Daily Devotional | Wednesday, February 24

Wednesday, February 24

Romans 12:18 – If possible, so far as it depends on you, live peaceably with all.


Thurman. (Photo source unknown. Found on Google Images. He believed that personal spiritual renewal was important to the liberation process and that inward liberation was a prerequisite for social transformation. In his seminal 1949 book, Jesus and the Disinherited, Thurman provided an interpretation of the New Testament gospels that laid the foundation for a nonviolent civil rights movement.

These just may be the most challenging, and convicting words, Paul ever wrote. In Bring the War Home: the White Power Movement and Paramilitary America, historian Kathleen Belew writes: “In 1977, Louis Beam used a Texas Veterans Land Board grant—a program designed to provide economic benefits to returning veterans—to purchase fifty acres of swampland. On a landscape that recalled the rice paddies of Vietnam, Beam built Camp Puller, a Vietnam War–style training facility designed to turn Klansmen into soldiers.”
Clearly an overwhelming majority of Vietnam veterans did not return radicalized into the white power movement. Many returned to serve as pastors in our denomination as well as other Christian denominations, or to public service and the betterment of our nation. Still war’s role in the formation of the white power ideology present at the insurrection in our capital last month is undeniable. For the first time in history an entire generation of Americans grew up during wartime. These wars do not appear on the front page of newspapers or on the evening news. These wars challenge us as church leaders to ask during this Lent, “have we forgotten that our country is at war”? How do we answer our God if we are asked, “have you, so far as it depends on you, lived peaceably with all?”

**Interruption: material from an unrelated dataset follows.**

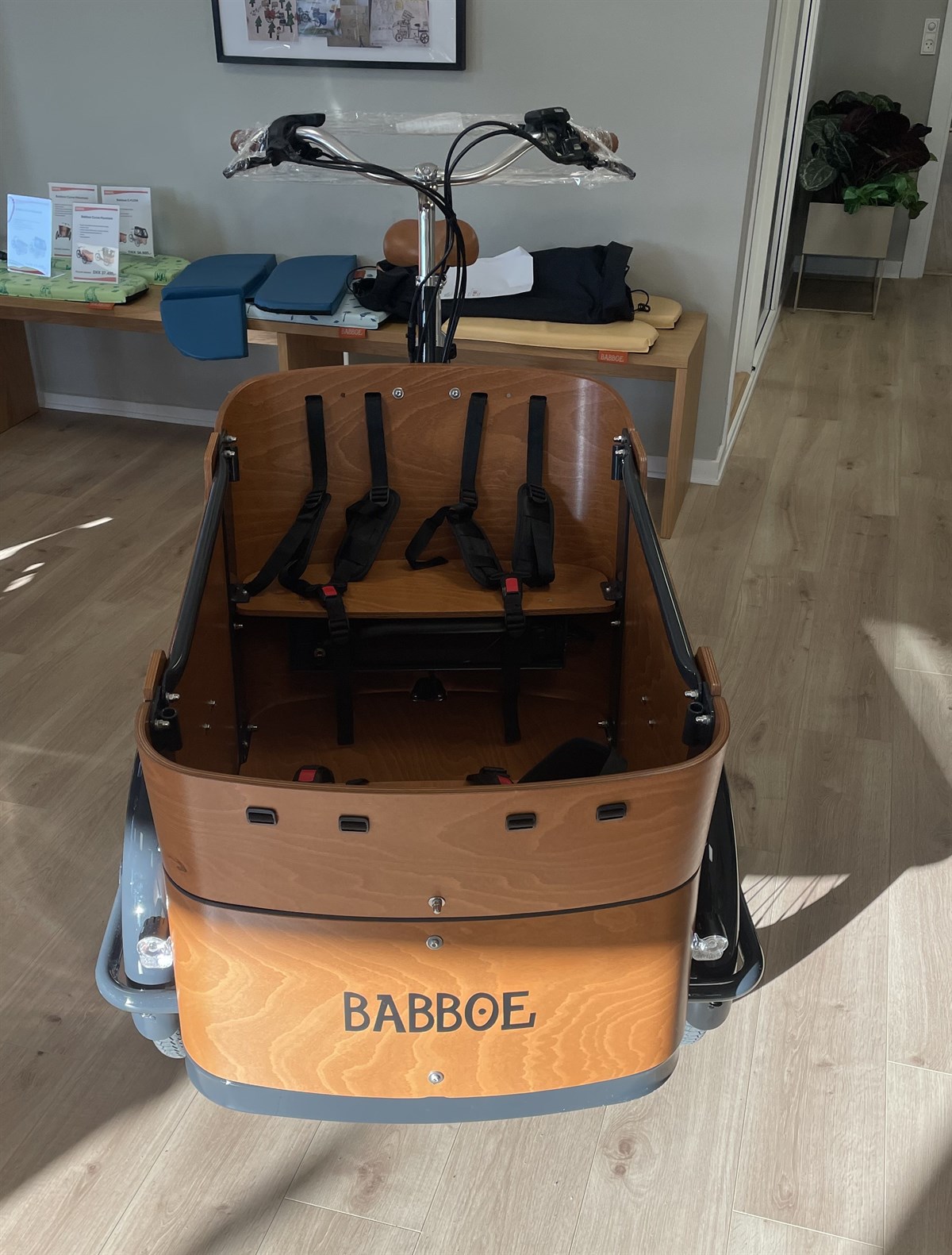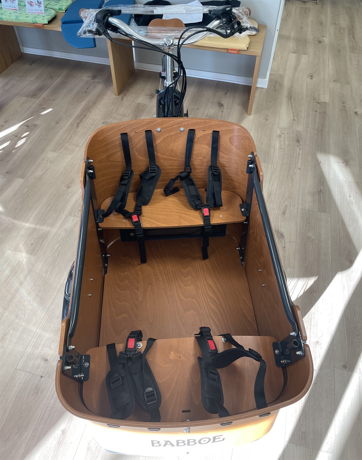 Alle Babboe ladcykler er monteret med bænke, seler, for- og baglygte, forsikringsgodkendt lås, 100% samlet og køreklar & fragten er selvfølgelig helt gratis ved køb af en ladcykel.

Action step: today, with brutal honesty ask this question prayerfully of the Holy Spirit, “have I, so far as it depends on me, lived peaceably with all?” Do not be afraid of the answer but let God show you how to do so personally, corporately, and as a people.


Prayer:

“Lord, make me an instrument of Thy Peace.” Teach me how to order my days that with sure touch I may say the right word at the right time and in the right way — lest I betray the spirit of peace. Let me not be deceived by my own insecurity and weakness which would make me hurt another as I try desperately to help myself. Keep watch with me, O my Father, over the days of my life, that with abiding enthusiasm I may be in such possession of myself that each day I may offer to Thee the full, unhampered use of me in all my parts as “an instrument of Thy Peace.” Amen.